_The task_
In the listing below, find the line containing "De todas elegí" and the line containing "Set 4 Pezzi", then copy exactly everything from the first through the second, except the pictures.

_Supplied entries_
/---
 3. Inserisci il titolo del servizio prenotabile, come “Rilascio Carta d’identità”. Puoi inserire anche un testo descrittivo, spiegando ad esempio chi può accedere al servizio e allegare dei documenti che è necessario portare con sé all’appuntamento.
\---
/---
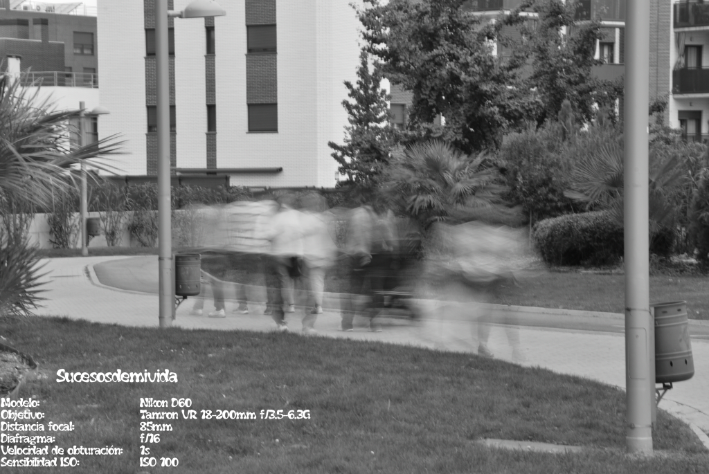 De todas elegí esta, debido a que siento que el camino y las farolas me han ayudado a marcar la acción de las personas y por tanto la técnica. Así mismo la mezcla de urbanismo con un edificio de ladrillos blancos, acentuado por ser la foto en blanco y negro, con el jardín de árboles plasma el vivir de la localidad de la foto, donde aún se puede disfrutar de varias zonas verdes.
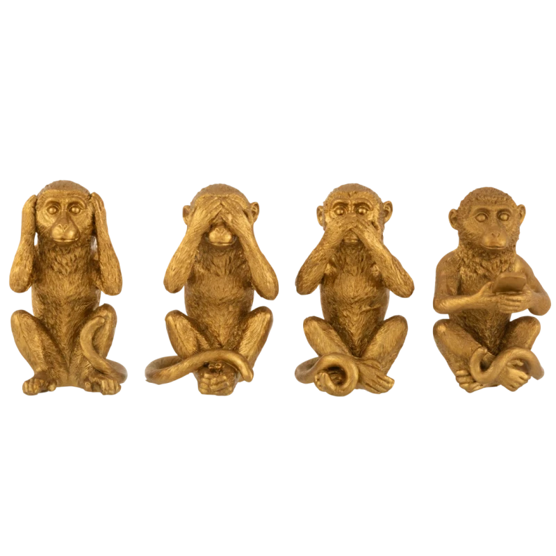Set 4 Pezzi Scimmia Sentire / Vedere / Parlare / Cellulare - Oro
\---
/---
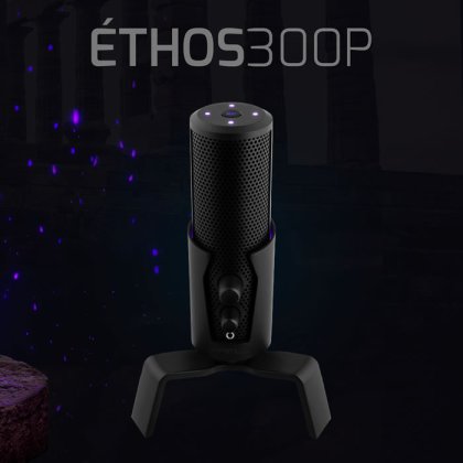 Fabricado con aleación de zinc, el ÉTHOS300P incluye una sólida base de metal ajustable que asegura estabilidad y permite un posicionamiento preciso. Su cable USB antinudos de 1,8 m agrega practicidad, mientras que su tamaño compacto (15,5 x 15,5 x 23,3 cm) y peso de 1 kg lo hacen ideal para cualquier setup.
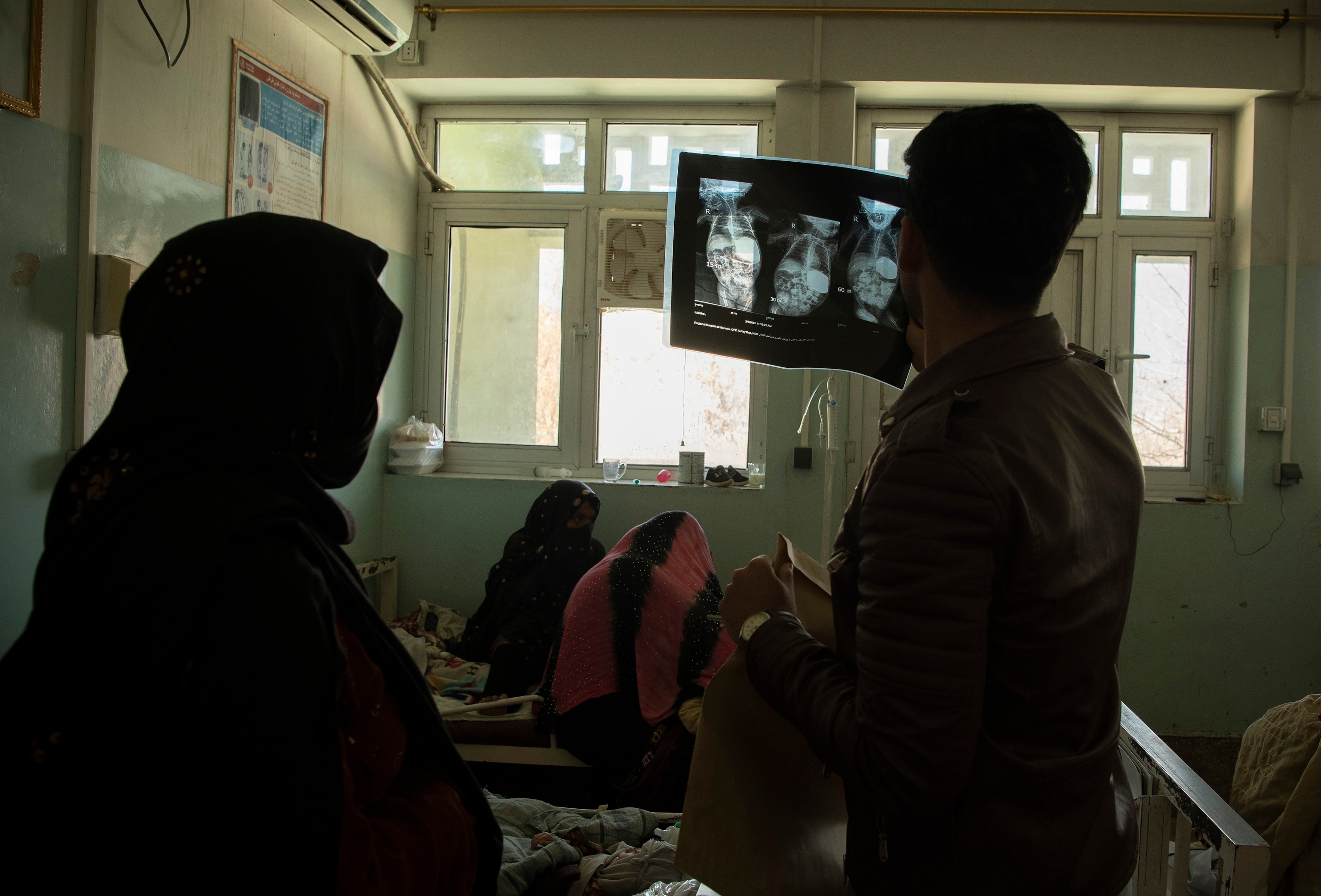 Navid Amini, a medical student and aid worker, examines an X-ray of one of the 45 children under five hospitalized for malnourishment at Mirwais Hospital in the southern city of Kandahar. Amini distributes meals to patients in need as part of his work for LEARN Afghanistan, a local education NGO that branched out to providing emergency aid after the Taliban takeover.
\---
_Exercise answer_
 De todas elegí esta, debido a que siento que el camino y las farolas me han ayudado a marcar la acción de las personas y por tanto la técnica. Así mismo la mezcla de urbanismo con un edificio de ladrillos blancos, acentuado por ser la foto en blanco y negro, con el jardín de árboles plasma el vivir de la localidad de la foto, donde aún se puede disfrutar de varias zonas verdes.
Set 4 Pezzi Scimmia Sentire / Vedere / Parlare / Cellulare - Oro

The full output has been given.